Content starts

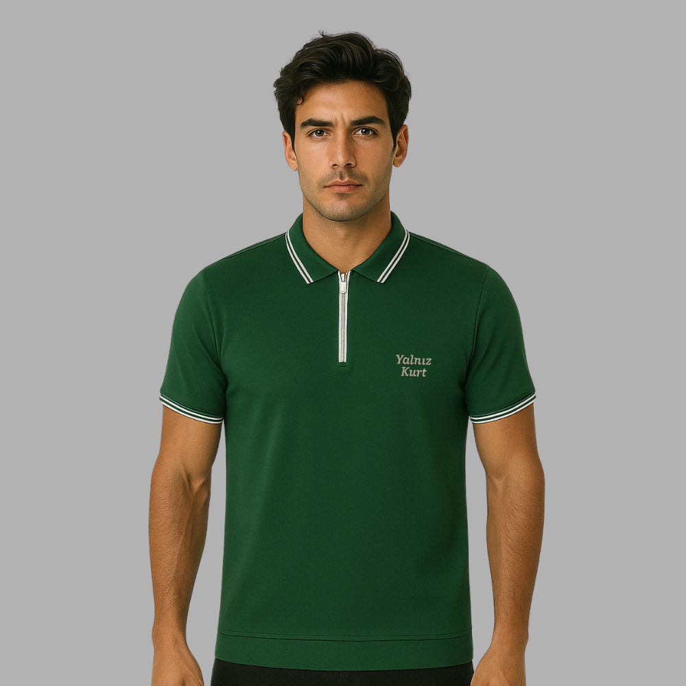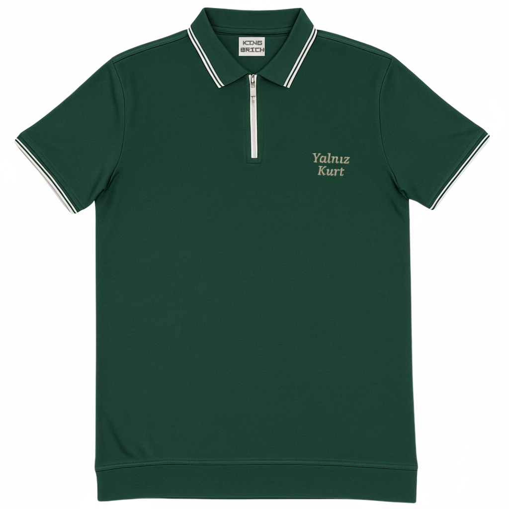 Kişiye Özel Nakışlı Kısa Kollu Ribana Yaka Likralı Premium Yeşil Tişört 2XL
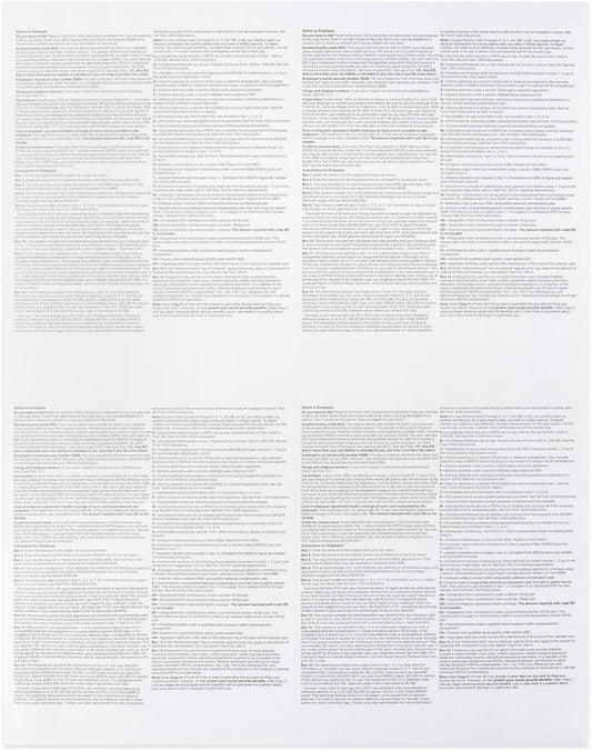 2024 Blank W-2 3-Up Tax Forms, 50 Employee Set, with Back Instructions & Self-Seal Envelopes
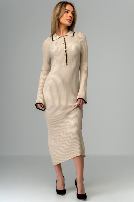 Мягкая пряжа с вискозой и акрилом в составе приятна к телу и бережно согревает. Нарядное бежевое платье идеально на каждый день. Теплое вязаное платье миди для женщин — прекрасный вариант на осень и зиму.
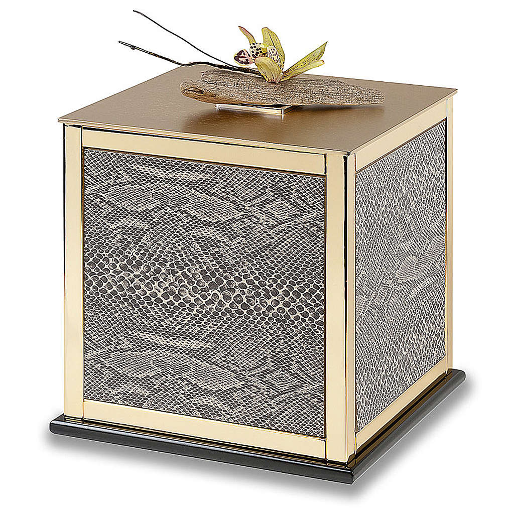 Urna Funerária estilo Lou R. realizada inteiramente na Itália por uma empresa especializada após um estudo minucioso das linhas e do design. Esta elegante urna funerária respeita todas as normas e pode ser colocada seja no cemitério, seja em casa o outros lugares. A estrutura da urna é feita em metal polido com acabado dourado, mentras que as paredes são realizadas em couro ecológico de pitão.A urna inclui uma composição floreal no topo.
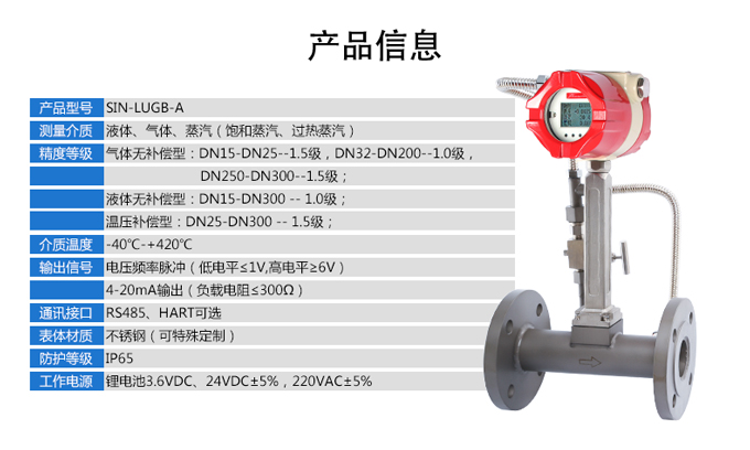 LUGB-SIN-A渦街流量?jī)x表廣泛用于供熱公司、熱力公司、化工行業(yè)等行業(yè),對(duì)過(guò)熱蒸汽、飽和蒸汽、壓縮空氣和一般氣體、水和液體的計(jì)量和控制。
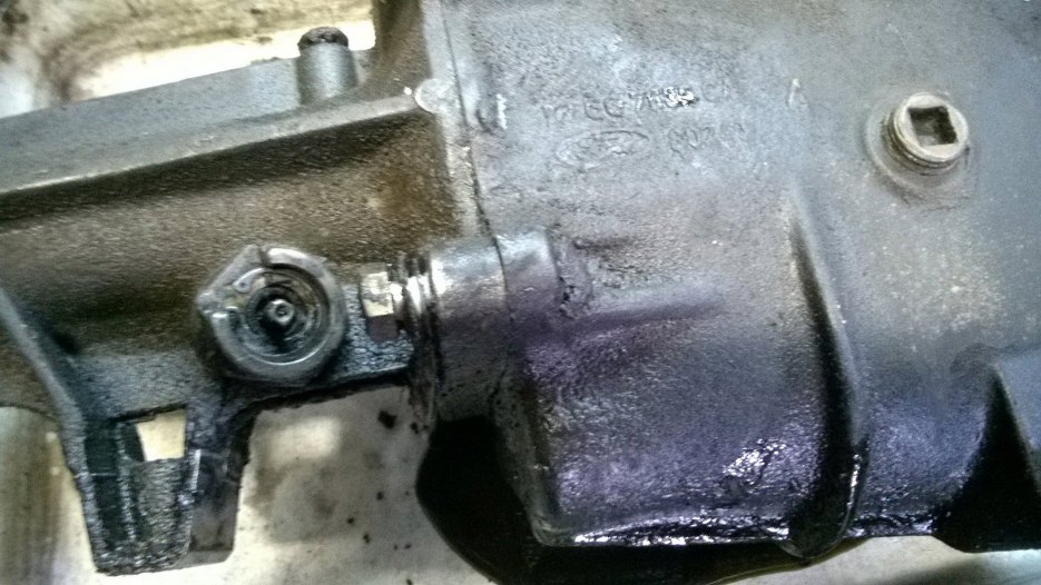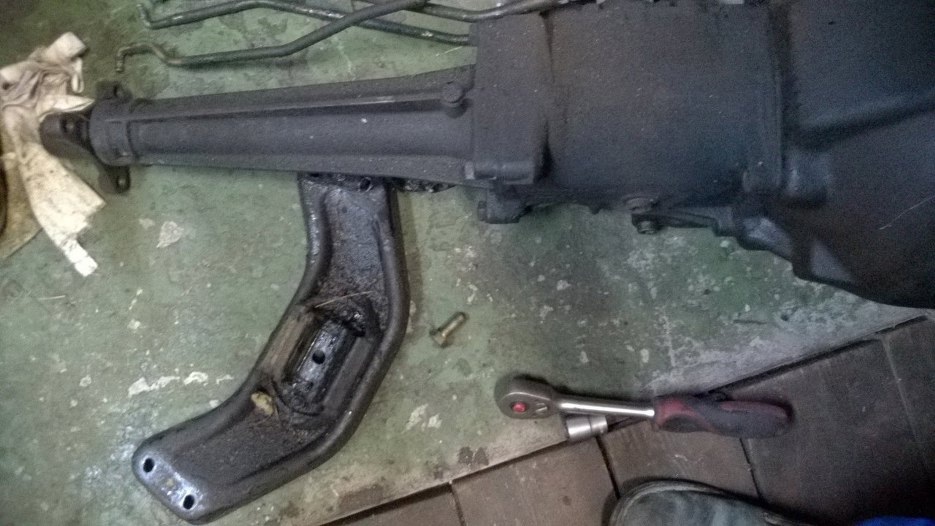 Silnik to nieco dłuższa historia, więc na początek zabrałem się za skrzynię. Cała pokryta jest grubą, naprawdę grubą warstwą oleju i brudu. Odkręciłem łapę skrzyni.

Content ends
Content starts

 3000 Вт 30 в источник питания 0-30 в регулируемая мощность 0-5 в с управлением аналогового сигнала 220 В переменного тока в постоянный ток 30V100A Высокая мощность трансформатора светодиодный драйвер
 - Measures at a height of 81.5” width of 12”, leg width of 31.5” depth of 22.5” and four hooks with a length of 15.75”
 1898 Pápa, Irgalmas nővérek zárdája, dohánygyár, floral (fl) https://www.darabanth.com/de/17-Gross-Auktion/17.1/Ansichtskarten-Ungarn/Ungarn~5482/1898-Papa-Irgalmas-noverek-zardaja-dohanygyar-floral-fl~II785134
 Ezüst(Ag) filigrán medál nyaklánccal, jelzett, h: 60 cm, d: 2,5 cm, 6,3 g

Content ends

◆ TASK TO COMPLETE: Within the listing above, write out the stretch from the line with "Urna Funerária estilo" through the line with "Silnik to nieco" exactly. Any pictures are to be left out.

◆ SOLVED PROBLEM:
 Urna Funerária estilo Lou R. realizada inteiramente na Itália por uma empresa especializada após um estudo minucioso das linhas e do design. Esta elegante urna funerária respeita todas as normas e pode ser colocada seja no cemitério, seja em casa o outros lugares. A estrutura da urna é feita em metal polido com acabado dourado, mentras que as paredes são realizadas em couro ecológico de pitão.A urna inclui uma composição floreal no topo.
 LUGB-SIN-A渦街流量?jī)x表廣泛用于供熱公司、熱力公司、化工行業(yè)等行業(yè),對(duì)過(guò)熱蒸汽、飽和蒸汽、壓縮空氣和一般氣體、水和液體的計(jì)量和控制。
 Silnik to nieco dłuższa historia, więc na początek zabrałem się za skrzynię. Cała pokryta jest grubą, naprawdę grubą warstwą oleju i brudu. Odkręciłem łapę skrzyni.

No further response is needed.